September 16, 2010 (CHICAGO)

Erasing the Distance is a non-for-profit theatre company that travels around educating and advocating serious mental health issues.

Five years ago actress and director Brighid O'Shaughnessy started 'erasing the distance.'

"I had some people really close to me who were struggling with mental illness and at the time I didn't know very much about it, you know, I had known people with mental illness but I didn't know really what to do about treatment. I didn't know about recovery. When it was happening to me I felt embarrassed and I felt really afraid and I was just nervous about telling people because I didn't know how they would respond," said O'Shaughnessy.

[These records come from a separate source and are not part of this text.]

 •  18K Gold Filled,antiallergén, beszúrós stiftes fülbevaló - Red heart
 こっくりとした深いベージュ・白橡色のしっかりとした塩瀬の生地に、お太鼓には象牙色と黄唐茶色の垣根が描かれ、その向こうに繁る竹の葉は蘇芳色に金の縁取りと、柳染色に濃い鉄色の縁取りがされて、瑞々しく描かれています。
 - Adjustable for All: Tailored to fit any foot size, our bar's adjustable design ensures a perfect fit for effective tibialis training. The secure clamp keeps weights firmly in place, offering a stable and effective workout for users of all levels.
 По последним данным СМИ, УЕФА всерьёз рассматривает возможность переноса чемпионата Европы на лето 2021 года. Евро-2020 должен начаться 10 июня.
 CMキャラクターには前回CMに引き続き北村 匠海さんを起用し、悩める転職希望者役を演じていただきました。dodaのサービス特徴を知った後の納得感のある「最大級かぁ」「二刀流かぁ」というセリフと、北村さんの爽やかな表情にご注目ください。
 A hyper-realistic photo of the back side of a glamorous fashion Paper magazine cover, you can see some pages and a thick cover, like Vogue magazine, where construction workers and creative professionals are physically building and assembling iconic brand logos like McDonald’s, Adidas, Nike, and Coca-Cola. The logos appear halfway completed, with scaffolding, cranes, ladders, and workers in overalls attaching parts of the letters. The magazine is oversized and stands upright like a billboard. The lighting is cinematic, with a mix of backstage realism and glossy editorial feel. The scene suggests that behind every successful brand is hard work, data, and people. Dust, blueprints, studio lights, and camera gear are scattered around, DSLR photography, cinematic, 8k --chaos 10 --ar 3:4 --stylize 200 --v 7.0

Ensemble members feel this is a rare opportunity to utilize their talent as well as learn about mental illness, as Maura Kidwell says.

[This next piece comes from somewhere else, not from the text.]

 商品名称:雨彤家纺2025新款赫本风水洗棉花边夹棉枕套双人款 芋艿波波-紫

"I knew virtually nothing about mental illness going into working with this group and I learned that, I mean I was shocked by the fact that one in four people in any given year is going to experience mental illness…It 's also prompted me to ask questions about mental illness of my family and got me to learn about the history of my family's mental health too," said Kidwell.

Meredith Siemsen is another actress whose awareness on mental illness has changed.

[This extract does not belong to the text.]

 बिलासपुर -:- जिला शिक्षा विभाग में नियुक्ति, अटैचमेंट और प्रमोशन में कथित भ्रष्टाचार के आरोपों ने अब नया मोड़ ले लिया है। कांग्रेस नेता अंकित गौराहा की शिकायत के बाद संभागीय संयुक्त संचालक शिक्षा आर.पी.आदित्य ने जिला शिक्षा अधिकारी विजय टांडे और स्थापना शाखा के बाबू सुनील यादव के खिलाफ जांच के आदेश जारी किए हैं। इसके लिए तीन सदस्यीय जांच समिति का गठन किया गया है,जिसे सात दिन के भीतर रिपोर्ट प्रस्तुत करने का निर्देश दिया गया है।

"I didn't know anything about depression. I didn't know what bipolar was. I didn't know some of the basic, basic stuff and I think that's the case for most of us," said Siemsen.

The theatre company reaches out to a number of groups.

"I would say out primary audience are high school and college students, mainly because 50 percent of people with mental illness get their first episode around 14 and 75 percent do by age 24, so that's a really critical time to reach them with this information so they don't wait 10 to 15 years before they do something about it," said O'Shaughnessy.

"To me, it's about erasing the distance between people with illness and people without. It's instead of there being a chasm where people say, okay, you have schizophrenia, you're over there, instead of saying you have schizophrenia and maybe we're a little closer than I thought we were before," she said.